On this page, our individual researchers take the opportunity to present highlights of their work in a broader context.
Dr Xiong Zhou
SynCat@Beijing and Peking University
Molecular mechanism of ethylene polymerization visualized in scanning tunneling study from SynCat@Beijing published by Science
Polyethylene is a widely used plastic in the manufacture of films, containers, fibers, and pipes. Its annual output exceeds 100 million tons, which is the largest raw material for plastic products in the world. Polyethylene is produced by the polymerization of ethylene in two main ways: free radical polymerization and catalytic polymerization. The free radical polymerization method is well known in high school textbooks, but it requires harsh conditions of high temperature and high pressure. In 1953, German chemist Ziegler used the main catalyst of titanium tetrachloride and the initiator of alkyl aluminum to catalyze ethylene polymerization, which made the production conditions of polyethylene no longer harsh, thus ushering in the era of artificial large-scale synthesis of polymer plastics, and won the Nobel Prize in Chemistry in 1963. Afterwards, Philips company invented the chromium-based catalyst, which no longer needs an initiator, and has become the mainstream catalyst to produce high-density polyethylene, producing about 30 million tons of high-density polyethylene annually.
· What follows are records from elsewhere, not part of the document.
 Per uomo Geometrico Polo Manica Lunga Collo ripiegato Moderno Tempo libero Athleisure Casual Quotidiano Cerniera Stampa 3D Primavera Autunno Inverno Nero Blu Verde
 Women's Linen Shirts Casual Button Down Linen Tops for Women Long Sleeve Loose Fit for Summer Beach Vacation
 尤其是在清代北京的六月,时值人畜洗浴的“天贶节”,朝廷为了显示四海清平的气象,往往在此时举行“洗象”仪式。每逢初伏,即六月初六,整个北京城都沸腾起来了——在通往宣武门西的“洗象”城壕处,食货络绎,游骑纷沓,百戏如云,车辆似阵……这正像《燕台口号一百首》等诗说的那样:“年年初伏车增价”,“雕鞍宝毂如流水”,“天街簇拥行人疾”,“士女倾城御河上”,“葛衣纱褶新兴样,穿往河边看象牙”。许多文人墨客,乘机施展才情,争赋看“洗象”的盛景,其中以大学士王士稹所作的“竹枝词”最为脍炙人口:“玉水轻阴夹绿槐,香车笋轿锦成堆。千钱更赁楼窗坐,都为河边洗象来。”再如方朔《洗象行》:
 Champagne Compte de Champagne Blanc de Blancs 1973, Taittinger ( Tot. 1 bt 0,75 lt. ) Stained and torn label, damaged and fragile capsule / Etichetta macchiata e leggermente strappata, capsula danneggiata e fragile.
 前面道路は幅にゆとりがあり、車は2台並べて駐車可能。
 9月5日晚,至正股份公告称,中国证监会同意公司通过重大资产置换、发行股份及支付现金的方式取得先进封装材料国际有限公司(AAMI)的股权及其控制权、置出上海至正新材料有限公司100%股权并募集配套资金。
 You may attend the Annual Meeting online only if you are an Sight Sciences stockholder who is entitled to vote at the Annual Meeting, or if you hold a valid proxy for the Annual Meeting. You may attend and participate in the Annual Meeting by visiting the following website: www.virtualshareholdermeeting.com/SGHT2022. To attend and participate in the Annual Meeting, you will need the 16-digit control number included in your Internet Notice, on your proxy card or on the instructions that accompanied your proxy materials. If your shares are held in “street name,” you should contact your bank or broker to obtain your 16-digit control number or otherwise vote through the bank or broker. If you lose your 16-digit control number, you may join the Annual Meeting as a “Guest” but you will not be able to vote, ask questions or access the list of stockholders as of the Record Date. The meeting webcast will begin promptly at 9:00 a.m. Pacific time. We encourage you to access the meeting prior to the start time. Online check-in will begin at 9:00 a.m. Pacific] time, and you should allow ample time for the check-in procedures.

However, compared with the vigorous development of Philip’s catalysts in the industrial field, how to achieve chain initiation without initiators still puzzles the scientific community.
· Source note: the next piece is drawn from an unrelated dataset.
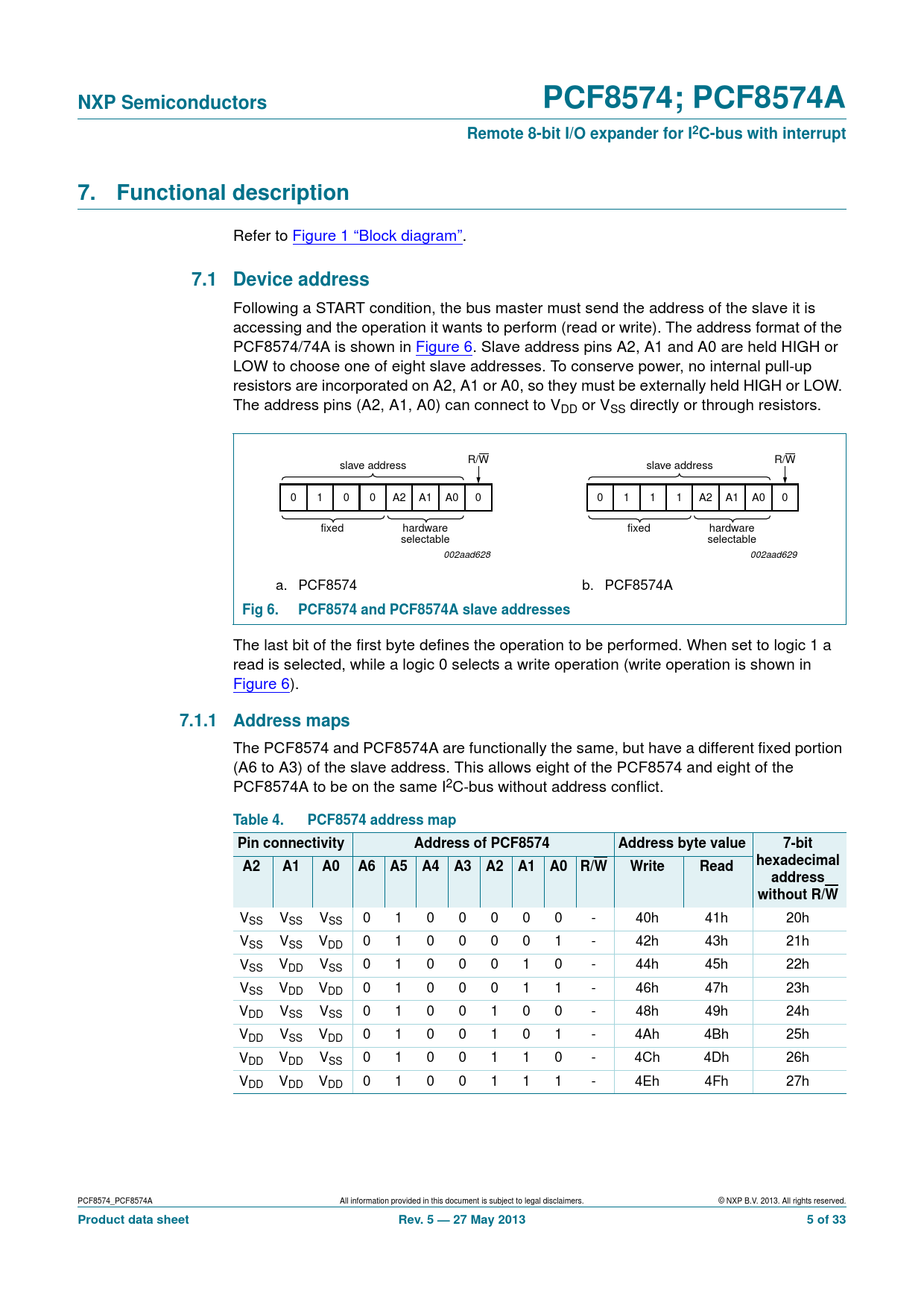 NXP Semiconductors PCF8574; PCF8574A Remote 8-bit I/O expander for I2C-bus with interrupt 7. Functional description

In the mid-90s of the last century, Prof. Hans Niemantsverdriet and his coworker Dr. Peter Thüne began to study ethylene polymerization by planar models of the Ziegler-Natta catalysts, Cr/SiO2 catalysts and anchored organometallics, which have mainly addressed the chemical states of the active species and the morphologies of the polymers in their early stages. Prof. Hans Niemantsverdriet and Prof. Yongwang Li jointly established the laboratory of SynCat@Beijing in 2014 to re-launch research on surface science. Now the researcher Dr. Xiong Zhou in SynCat@Beijing with his colleagues together achieve the visualization of on-surface ethylene polymerization at the molecular level for the first time, with the collaboration of the research group of Prof. Kai Wu from Peking University, which is published in the journal Science on 2022 March 11th.
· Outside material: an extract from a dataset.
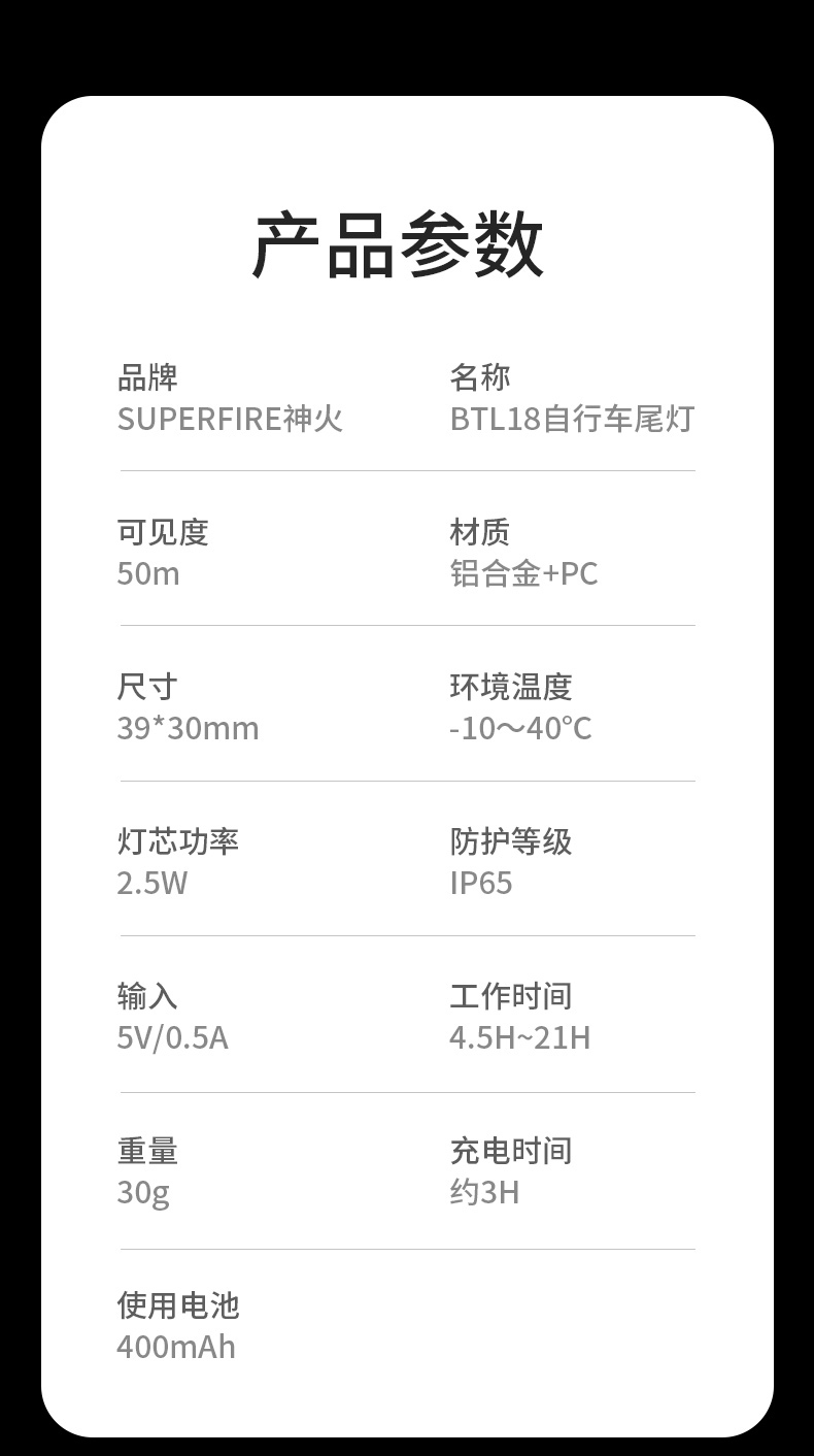 1、千米远射,射程更远,光斑更聚焦。 2、进口灯珠,亮度高,照明效果更好。 3、前后双按键,光源一键点亮,高亮瞬间开启。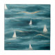 A serene nautical pattern ceramic tile featuring sailboats drifting across layered blue, teal, and sandy waves. This calming coastal design brings a breezy seaside feel, ideal for ocean lovers, beach-house décor fans, sailors, and anyone who enjoys relaxed maritime style. Perfect for summer gifts, coastal celebrations, and nautical-themed events.

This achievement confirms the molecular insertion mechanism of ethylene polymerization, reveals that ethylene molecules achieve self-initiation through isomerization in the absence of an initiator, and clarifies the academic debate on the chain initiation process on Philip’s catalyst. In addition, this study utilizes the interaction between polyethylene and catalyst to terminate the polyethylene chain at a specific length, thereby greatly improving the product chain length selectivity and providing a control method for the product chain length distribution.
 W. Guo, J. Yin, Z. Xu, W. Li, Z. Peng, C.J. Weststrate, X. Yu, Y. He, Z. Cao, X. Wen, Y. Yang, K. Wu, Y. Li, J.W. Niemantsverdriet, X. Zhou, Visualization of on-surface ethylene polymerization through ethylene insertion. Science 375, 1188-1191 (2022).